**Problem requirements**
Go through the records and set each one down exactly, skipping any picture.
BEGIN Available data
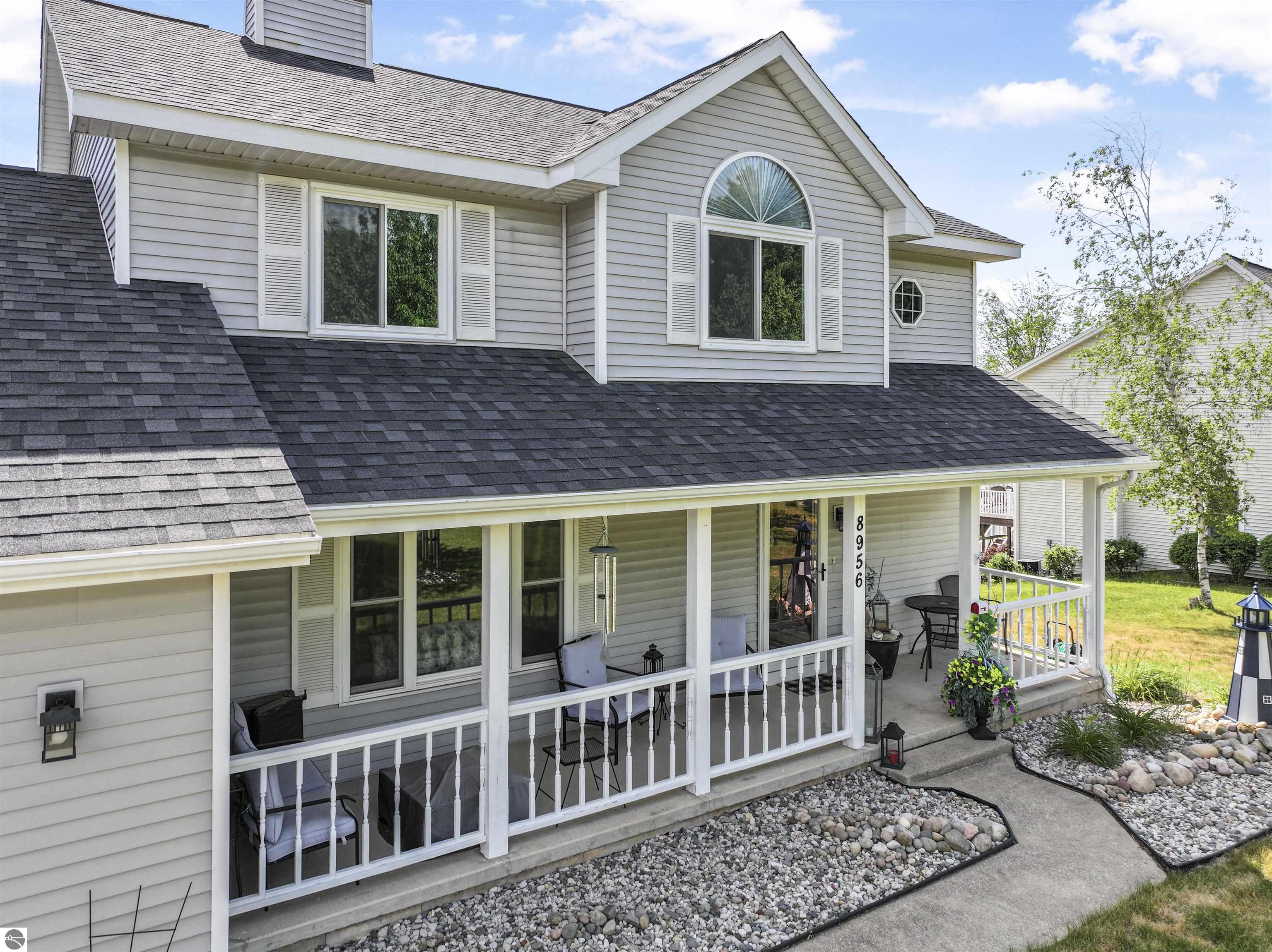TORCH LAKE FRONTAGE, an 18-acre wooded setting with sunset views and a 1/2 log home (exterior only) are waiting to welcome you home! A beautifully maintained home featuring a great room with a soari...
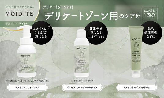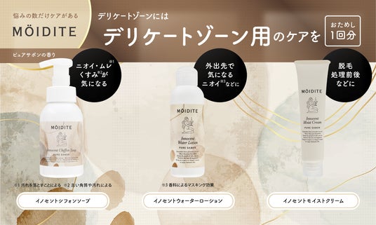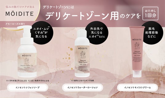 株式会社D-Neeコスメティック(所在地:神奈川県横浜市、代表:中谷大)が展開するデリケートゾーンケア専用ブランド『MOIDITE(モアディーテ)』より、手軽にフェムケアを試せるソープ・ローション・クリームが1つになったお試し1回分の「モアディーテ トライアル3点セット」を2024年10月28日より限定販売を開始いたします。
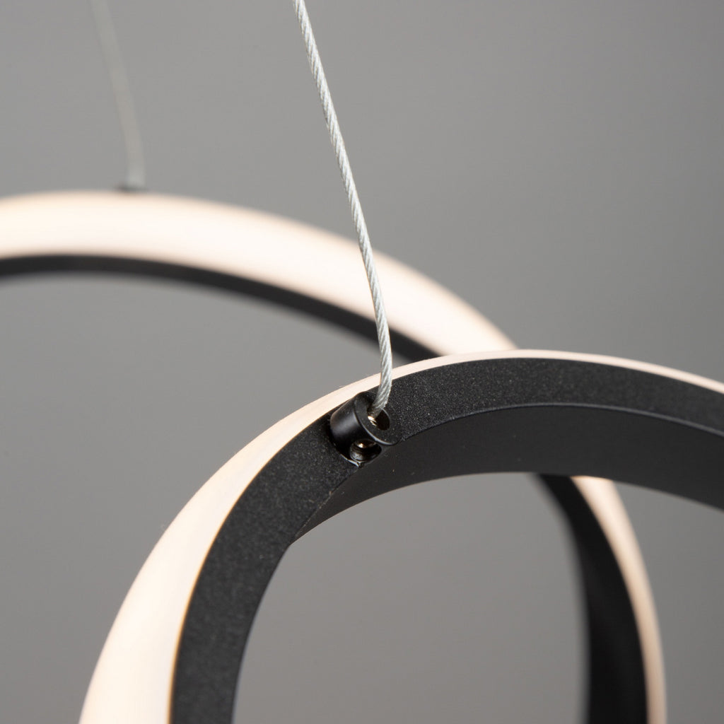 The Mira collection of pendants feature a truly unique designed frame. Suspended on height adjustable aircraft type cables, this LED pendant features a rich semi gloss black finish (These models are dimmable with appropriate LED rated dimmer switches).
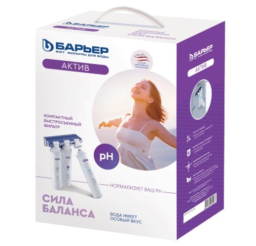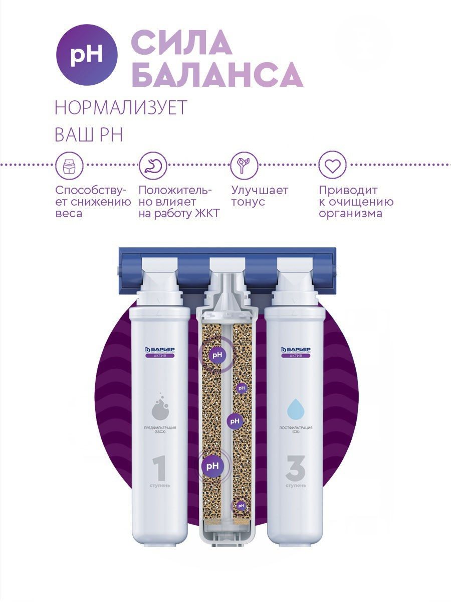 В фильтрах БАРЬЕР АКТИВ Сила Баланса используется уникальная минеральная смесь для понижения кислотности воды. В результате вы получаете воду, обогащенную минералами и имеющую щелочную среду с уровнем рН 8,5. Щелочная вода нейтрализует кислоту, восстанавливает pH баланс, необходимый для нормальной работы органов.>
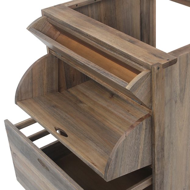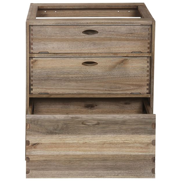 Módulo inferior em madeira maciça (Eucalipto), com aplicação de realçador, selador, cera e polimento manual. Possui 2 portas basculantes e 1 gaveta com corrediças telescópicas.
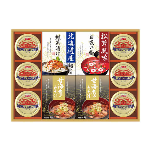 ■商品紹介内容/甘海老みそ汁:7.5g×3袋×2・北海道産鮭茶漬け:4g×3袋×1・永谷園松茸風味お吸い物:2.3g×4袋×1・紅ずわいがにほぐし身:55g×6《乳・小麦・えび・かに》
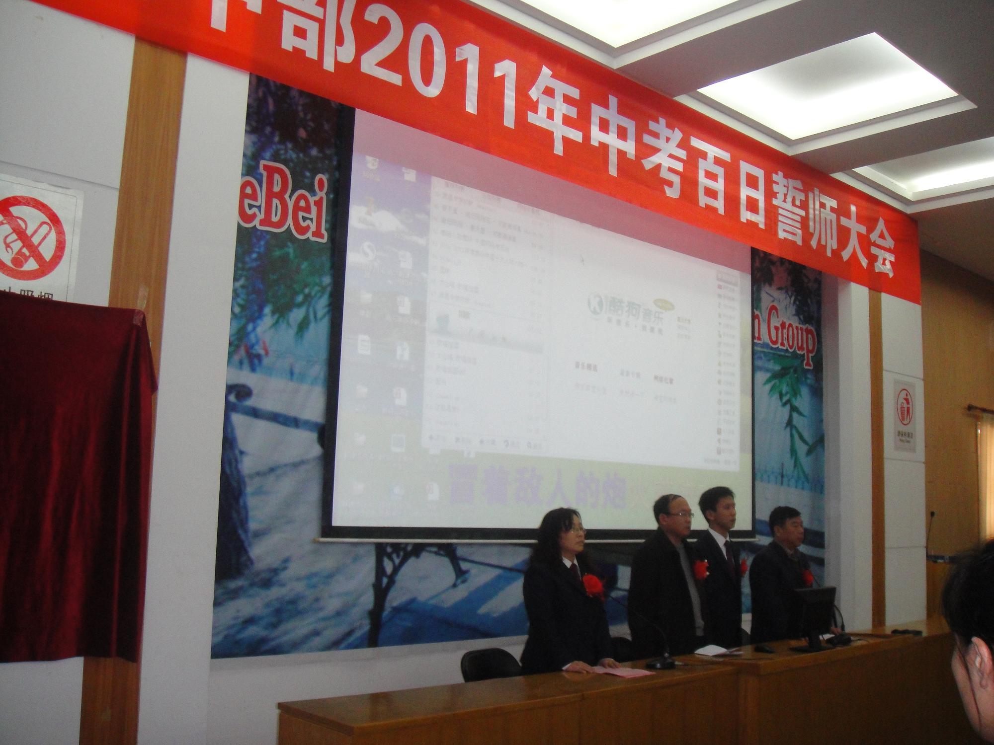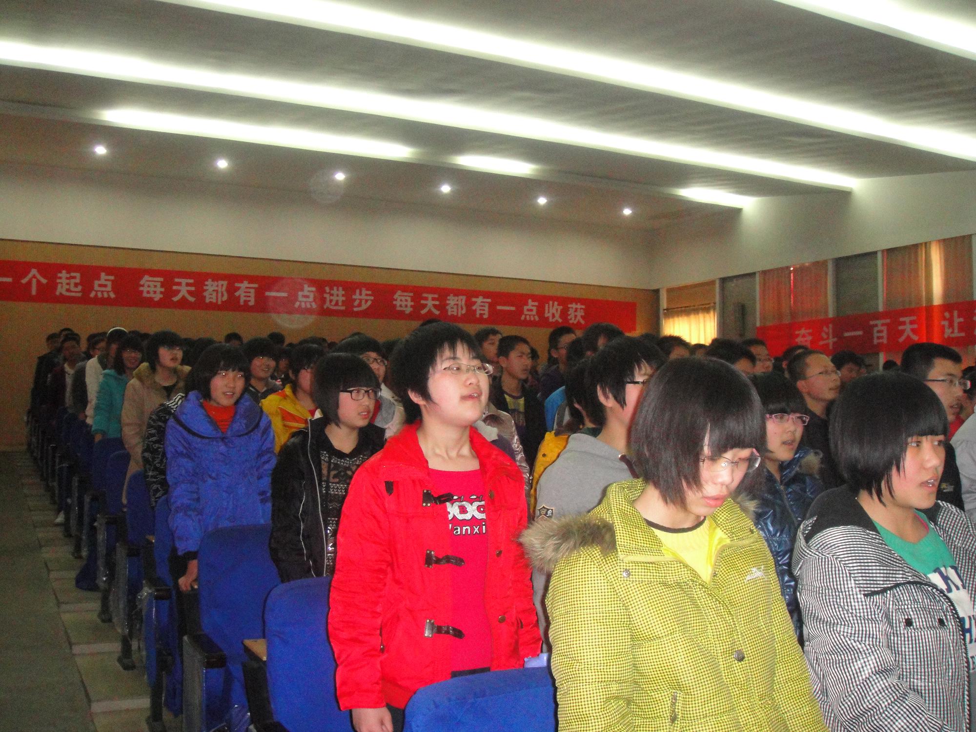 百日誓师大会在全体与会人员雄壮的国歌声中拉开序幕,接着全体初三学生高唱校歌《托起明天的太阳》,充分表达了学子们砺志求索,为母校争光的强烈愿望。
END Available data
**Expected answer**
TORCH LAKE FRONTAGE, an 18-acre wooded setting with sunset views and a 1/2 log home (exterior only) are waiting to welcome you home! A beautifully maintained home featuring a great room with a soari...
 株式会社D-Neeコスメティック(所在地:神奈川県横浜市、代表:中谷大)が展開するデリケートゾーンケア専用ブランド『MOIDITE(モアディーテ)』より、手軽にフェムケアを試せるソープ・ローション・クリームが1つになったお試し1回分の「モアディーテ トライアル3点セット」を2024年10月28日より限定販売を開始いたします。
 The Mira collection of pendants feature a truly unique designed frame. Suspended on height adjustable aircraft type cables, this LED pendant features a rich semi gloss black finish (These models are dimmable with appropriate LED rated dimmer switches).
 В фильтрах БАРЬЕР АКТИВ Сила Баланса используется уникальная минеральная смесь для понижения кислотности воды. В результате вы получаете воду, обогащенную минералами и имеющую щелочную среду с уровнем рН 8,5. Щелочная вода нейтрализует кислоту, восстанавливает pH баланс, необходимый для нормальной работы органов.>
 Módulo inferior em madeira maciça (Eucalipto), com aplicação de realçador, selador, cera e polimento manual. Possui 2 portas basculantes e 1 gaveta com corrediças telescópicas.
 ■商品紹介内容/甘海老みそ汁:7.5g×3袋×2・北海道産鮭茶漬け:4g×3袋×1・永谷園松茸風味お吸い物:2.3g×4袋×1・紅ずわいがにほぐし身:55g×6《乳・小麦・えび・かに》
 百日誓师大会在全体与会人员雄壮的国歌声中拉开序幕,接着全体初三学生高唱校歌《托起明天的太阳》,充分表达了学子们砺志求索,为母校争光的强烈愿望。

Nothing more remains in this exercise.